Judiciales 06 de marzo de 2022 Por Red Online
Las pruebas de la persecución macrista.




espionaje

“Desde ahora, el que queda a cargo de coordinar esto es Gustavo (Arribas)”. La orden de Mauricio Macri sobre la persecución de Juan Pablo Pata Medina y la UOCRA de La Plata, fue pronunciada el 4 de mayo de 2017 a las 10 de la mañana. Hasta ahora se creía que en ese encuentro sólo estuvieron Arribas y Marcelo Villegas, el ministro de Trabajo de María Eugenia Vidal.
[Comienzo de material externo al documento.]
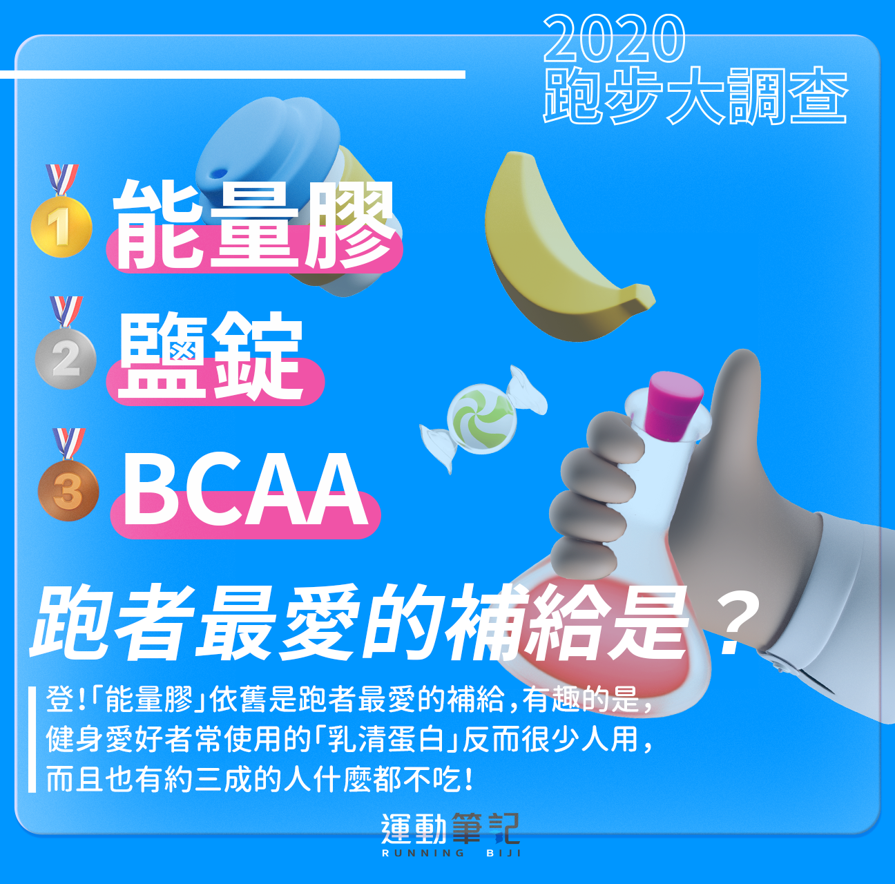 跑者的「補給三寶」能量膠(40.3%)、鹽錠(38.3%)和 BCAA (30.6%)再度名列前三,不過有趣的是,往年鹽錠皆勝過能量膠,在 2019 年的時候兩者出現黃金交叉,而 2020 年能量膠的愛好已經超越了鹽錠!
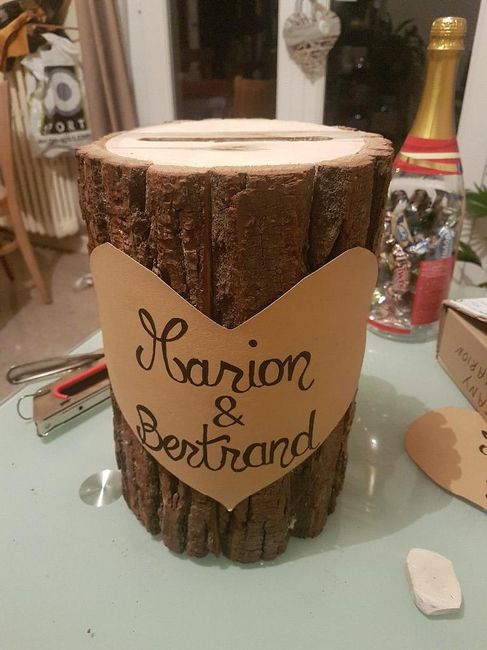 Salut les filles, Je vous montre l'urne qu'on a fabriquée. Le coeur est en carton car il est compliqué de graver dans le bois (je pyrograve d'habitude). Le coeur me parait "vide". Que me conseillerez vous pour l'agrementer? Ou le laisser tel quel......

Pero un participante de aquella reunión le reveló a Página/12 que estuvieron varios más: la ministra de Seguridad Patricia Bullrich, el ministro de Transporte Guillermo Dietrich, el de Trabajo Jorge Triaca y el de Justicia Germán Garavano. Es decir que  cuarenta días antes de la reunión en la que se añoró una Gestapo -15 de junio de 2017- y casi dos meses antes del inicio de la causa judicial con un anónimo -31 de julio de 2017- Macri puso ilegalmente en manos de la Agencia Federal de Inteligencia (AFI) una ofensiva también ilegal contra el sindicalismo opositor. Esto explica por qué la convocatoria al encuentro en la sede del Banco Provincia fue hecha por los altos cargos de la AFI y por qué la AFI filmó el encuentro. La misma fuente asegura que el video se lo exhibió Arribas a Macri en la Quinta de Olivos el viernes 16 o el viernes 23 de junio de 2017. Todo será volcado en este mismo mes en la causa judicial.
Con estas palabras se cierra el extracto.